Postby Geist13 » Mon May 07, 2012 12:52 pm

frank galvin wrote:Doesn't 102(b)(7) allow for the elimination of the duty of care? This is significant because if Caremark was brought under the DOC it could be protected, but since Caremark now resides in the DOL and Good Faith territory, it cannot be limited by 102(b)(7). I think that was part of Ritter's motivation, to take Caremark out of the auspices of limited DOC.


As I was taught it, yes it allows corporations to eliminate the duty of care. HOWEVER, one of the exceptions is "good faith." And there is some question of what this reference to "good faith" means. My professor has indicated that it should be read in light of the the Van Gorkam & Gagliaridi expressions of the business judgment rule, both of which explicitly reference good faith. So if you're in the duty of care area, and you somehow manage to rebut the BJR's presumption of good faith (which you won't be able to do, but you might as well give it the old college try), you get around the business judgment rule AND 102b7 prevents the company from eliminating "acts and omissions not in good faith." Basically, then, if you're dealing with duty of care, ALWAYS plead that the act amounts to bad faith. If you don't 102(b)(7) is going to fuck you in the unlikely event that you can get around the BJR because you haven't plead a violation that the company can't simply eliminate liability for.

Caution: I'm not expecting to do well in this class, so maybe this is all a big joke.

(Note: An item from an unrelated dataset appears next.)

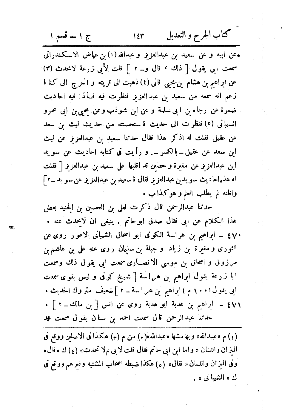 سَمِعتُ أَبي يقول ذلك، قال: وقلت لأَبي زُرعَة: لا تحدث عن إِبراهيم بن هشام بن يحيى، فإِني ذهبت إلى قريته، وأخرج إلىَّ كتابًا زعم أَنه سمعه من سَعيد بن عَبد العزيز، فنظرت فيه فإذا فيه أحاديث ضمرة، عن رجاء بن أَبي سلمة، وعن ابن شوذب، وعن يَحيَى بن أَبي عَمرو السيباني، فنظرت إلى حديث فاستحسنته من حديث ليث بن سعد عن عقيل، فقلتُ له: أذكر هذا، فقال: حَدثنا سَعيد بن عَبد العزيز، عن ليث بن سعد، عن عقيل، بالكسر، ورأيت في كتابه أحاديث عن سُويد بن عَبد العزيز، عن مغيرة، وحصين، قد أقلبها على سَعيد بن عَبد العزيز، فقلتُ له: هذه أحاديث سُويد بن عَبد العزيز، فقال: حَدثنا سَعيد بن عَبد العزيز، عن سويد، وأظنه لم يطلب العلم، وهو كذاب.

edit: think about this this way. If "good faith" were just caremark and duty of loyalty, then 102(b)(7) would be explicitly redundant. It is limited by duty of loyalty and good faith separately. If good faith is just always duty of loyalty, it would be superfluous. Moreover, 102(b)(7), and its references to duty of loyalty, good faith, and "knowing violations of the law" seems to be expressly invoking the three categories of good faith violations that the court examines in ritter. Remember in Ritter they identify three kinds of good faith : knowing violation, grossly negligent, OR recklessness and they go on to hold that the Recklessness kind is situated squarely within the duty of loyalty as a caremark violation.